Exercise description: The line containing "- Utilisez les" marks the start; extract exactly from it through the last line of the entries, and omit any pictures.

BEGIN Supplied entries

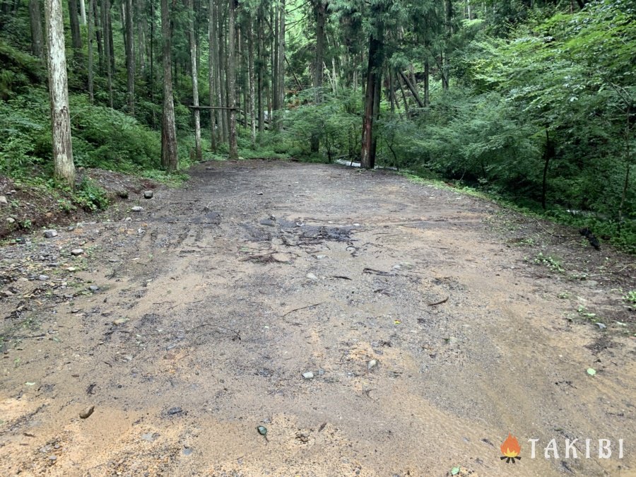 駐車場からさらに奥へ3分ほど歩くと、二手に別れた道があり、右側の道を進むと上記写真のフリーサイトがあります。
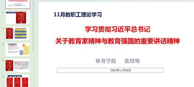本网讯(通讯员 向琴英)11月30日中午,我院在会议室召开教职工政治理论学习,专题学习习近平总书记关于教育家精神、教育强国重要讲话精神及习近平文化思想内容。总支书记张绍明主持会议,全体教职工参会。
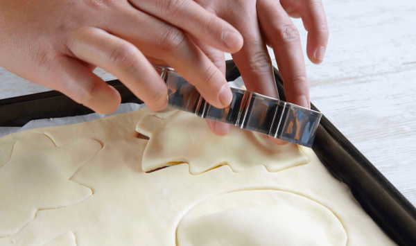 - Utilisez les emporte-pièces pour découper 6 formes différentes, chacune avec un « cœur » de mélange à base de crème à la vanille.
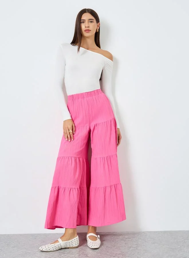 Take Two Solid Mid Rise Relaxed Fit Pants with Pintuck Detail
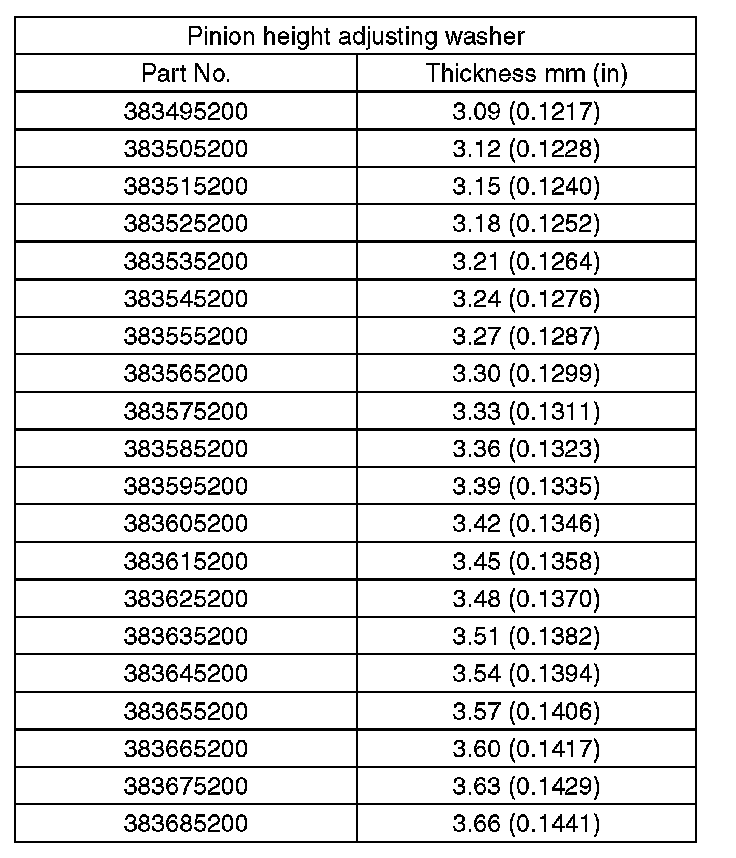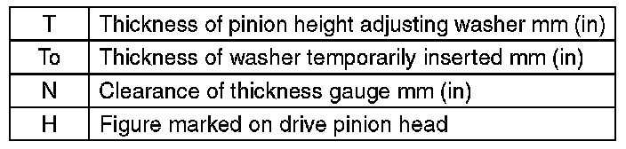 (3) Obtain the thickness of pinion height adjusting washer to be inserted from the following formula, and replace the temporarily installed washer with this one.

END Supplied entries

Written response:
 - Utilisez les emporte-pièces pour découper 6 formes différentes, chacune avec un « cœur » de mélange à base de crème à la vanille.
 Take Two Solid Mid Rise Relaxed Fit Pants with Pintuck Detail
 (3) Obtain the thickness of pinion height adjusting washer to be inserted from the following formula, and replace the temporarily installed washer with this one.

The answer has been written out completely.